Pema est un cas particulier. La malheureuse est à la fois la plus drôle de toutes mes amies et une incorrigible fleur bleue. Durant trois mois, son amant, un correspondant de guerre, est parti en mission dans les rues ensanglantées de Kaboul. Pour oublier sa hantise de la mort qui pouvait lui tomber dessus à tout instant, elle s’est consolée dans les bras d’un solide jeune homme, un architecte italien au visage de saint, complètement fou d’elle et incapable de manger de la chair animale tant il désirait sa chair à elle. Quand elle l’aperçut au bord de la piscine à débordement de l’hôtel « À la carte » de Da Nang, elle en fut éblouie, comme devant une œuvre de Michel-Ange. Elle fit exprès de laisser tomber ses lunettes dans l’eau et le regarda plonger pour les lui repêcher. C’était le corps d’homme le plus parfait qu’elle avait jamais vu, et probablement qu’elle verrait jamais, même dans le cinéma hollywoodien.

Ses épaules, son torse, ses hanches, ses cuisses, ses abdominaux, sa peau – tout était gonflé et doré sous la lumière du splendide coucher de soleil tropical, sur l’eau émeraude qui s’étendait jusqu’à l’horizon. « Qui pourrait se contenir devant un tel mets ? » m’avait dit Pema. Elle ne savait pas s’il avait des sentiments pour elle, s’il était venu au Vietnam avec sa femme ou une compagne, ni même s’il aimait les femmes. Mais ce corps d’homme parfait, presque nu, avait envahi son esprit. Toute la nuit, plongée dans un bain glacé pour tempérer ses ardeurs, elle partit à la dérive entre passion et lucidité, rêve et réalité. Elle tomba enfin de sommeil au petit matin, pour être aussitôt réveillée par de petits coups toqués contre la porte de sa chambre. Elle eut tout juste le temps de lâcher un soupir avant de distinguer les larges épaules du jeune homme sous son peignoir. Lui aussi eut tout juste le temps de lâcher un soupir avant de distinguer les seins de Pema dans le décolleté de son peignoir.

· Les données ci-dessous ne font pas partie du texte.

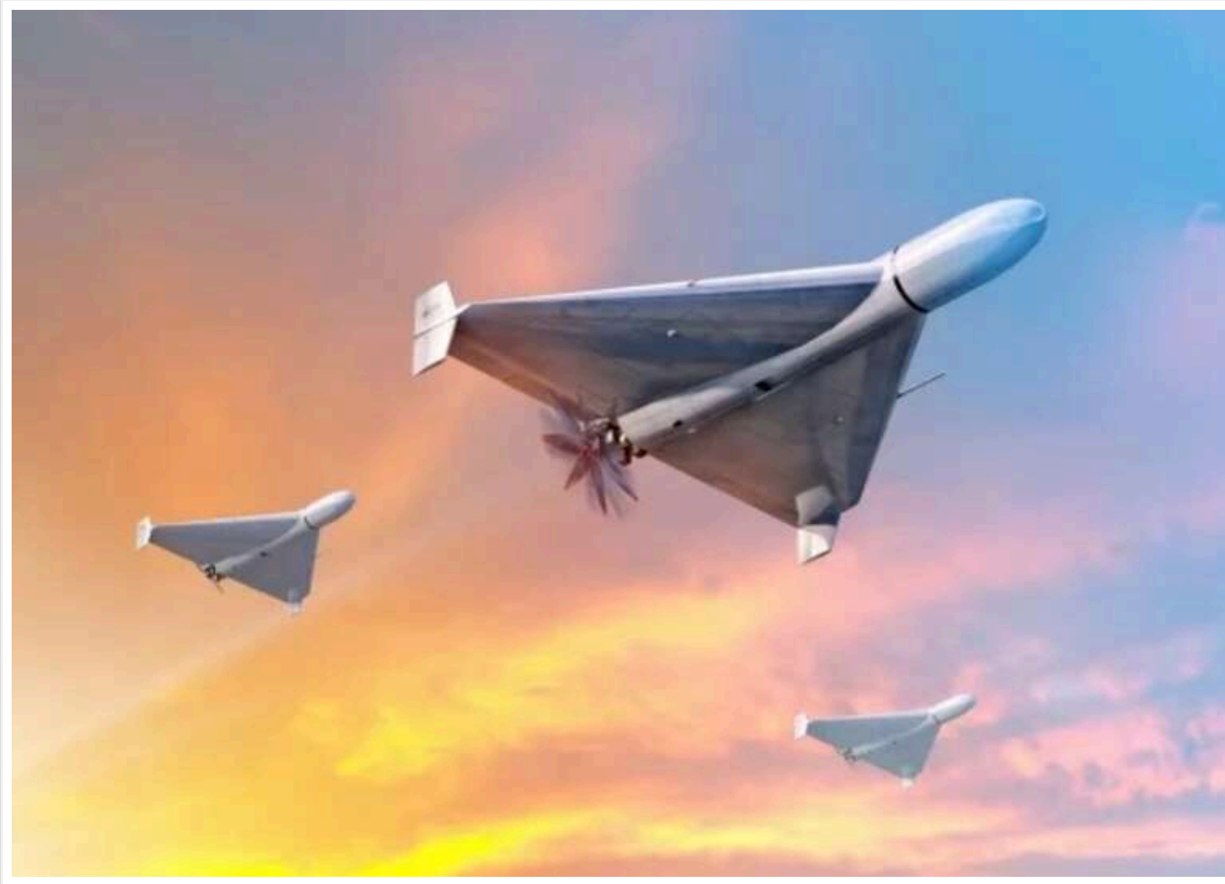
Росія готує нову хвилю ройових атак дронами та інформаційний тиск, – Коваленко

Росія планує інтенсифікувати терор українських міст за допомогою масованих атак дронами, паралельно ведучи агресивну інформаційну кампанію як на зовнішню, так і на внутрішню аудиторію.

C’était le dixième jour sans nouvelle de son journaliste de Kaboul. Le nom de l’hôtel, « À la carte », était inapproprié à sa situation car Pema n’avait pas le choix : son correspondant de guerre était son plat principal et le jeune homme au corps parfait était son dessert. C’était de l’ironie pure : plus elle avait envie de son plat principal, plus elle devait se gaver de dessert. Dans le lit, ils ont prié pour Kaboul. Elle dans sa foi bouddhique, lui dans sa foi catholique. Mina, personne ne peut imaginer que dans cet hôtel au bord de l’océan Pacifique, il y eut un jour deux corps beaux et vigoureux qui après l’amour se dessoudèrent pour demander à Bouddha et à Dieu que le sang cesse de couler dans Kaboul, où aucun d’eux n’avait jamais mis les pieds.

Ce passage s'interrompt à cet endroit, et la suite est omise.